### The problem
What do the lines from the one containing "The SIMULACRO CT-2020" through the end of the entries say? Quote them exactly, and only them.

### Items from a data source

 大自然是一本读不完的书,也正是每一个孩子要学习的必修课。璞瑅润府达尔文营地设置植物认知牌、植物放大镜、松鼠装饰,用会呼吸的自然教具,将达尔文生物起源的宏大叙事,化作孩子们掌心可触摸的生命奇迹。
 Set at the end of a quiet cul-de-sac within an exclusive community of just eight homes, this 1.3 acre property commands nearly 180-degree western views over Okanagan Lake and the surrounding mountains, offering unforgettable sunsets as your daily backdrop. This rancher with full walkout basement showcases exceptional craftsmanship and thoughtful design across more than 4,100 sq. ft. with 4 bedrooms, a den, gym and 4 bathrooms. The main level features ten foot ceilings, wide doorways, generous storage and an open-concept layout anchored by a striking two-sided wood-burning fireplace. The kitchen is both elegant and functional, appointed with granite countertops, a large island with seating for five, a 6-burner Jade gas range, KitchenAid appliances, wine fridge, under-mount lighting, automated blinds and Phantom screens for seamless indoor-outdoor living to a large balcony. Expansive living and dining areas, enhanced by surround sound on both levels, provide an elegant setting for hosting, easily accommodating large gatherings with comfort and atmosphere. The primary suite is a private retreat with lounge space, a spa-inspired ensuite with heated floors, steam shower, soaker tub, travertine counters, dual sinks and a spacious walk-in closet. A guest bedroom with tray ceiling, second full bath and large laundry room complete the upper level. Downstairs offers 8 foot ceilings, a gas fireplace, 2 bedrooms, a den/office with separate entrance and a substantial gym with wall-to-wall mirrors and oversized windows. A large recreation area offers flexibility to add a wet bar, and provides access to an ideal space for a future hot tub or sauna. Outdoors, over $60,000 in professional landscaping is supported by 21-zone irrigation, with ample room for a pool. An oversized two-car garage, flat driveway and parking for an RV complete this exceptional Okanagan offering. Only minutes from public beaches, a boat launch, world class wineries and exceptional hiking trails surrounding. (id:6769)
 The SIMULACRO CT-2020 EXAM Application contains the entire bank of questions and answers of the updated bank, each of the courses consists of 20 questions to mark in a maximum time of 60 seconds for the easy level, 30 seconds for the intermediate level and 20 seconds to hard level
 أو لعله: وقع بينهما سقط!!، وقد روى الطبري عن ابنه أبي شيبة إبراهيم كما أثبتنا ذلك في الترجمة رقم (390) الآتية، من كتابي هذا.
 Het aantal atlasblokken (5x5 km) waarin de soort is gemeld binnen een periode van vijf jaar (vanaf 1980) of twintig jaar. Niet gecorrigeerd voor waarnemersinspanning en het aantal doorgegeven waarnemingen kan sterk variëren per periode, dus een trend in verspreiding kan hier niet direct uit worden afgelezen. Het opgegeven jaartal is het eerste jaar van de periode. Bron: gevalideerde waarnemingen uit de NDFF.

### Result for this task
 The SIMULACRO CT-2020 EXAM Application contains the entire bank of questions and answers of the updated bank, each of the courses consists of 20 questions to mark in a maximum time of 60 seconds for the easy level, 30 seconds for the intermediate level and 20 seconds to hard level
 أو لعله: وقع بينهما سقط!!، وقد روى الطبري عن ابنه أبي شيبة إبراهيم كما أثبتنا ذلك في الترجمة رقم (390) الآتية، من كتابي هذا.
 Het aantal atlasblokken (5x5 km) waarin de soort is gemeld binnen een periode van vijf jaar (vanaf 1980) of twintig jaar. Niet gecorrigeerd voor waarnemersinspanning en het aantal doorgegeven waarnemingen kan sterk variëren per periode, dus een trend in verspreiding kan hier niet direct uit worden afgelezen. Het opgegeven jaartal is het eerste jaar van de periode. Bron: gevalideerde waarnemingen uit de NDFF.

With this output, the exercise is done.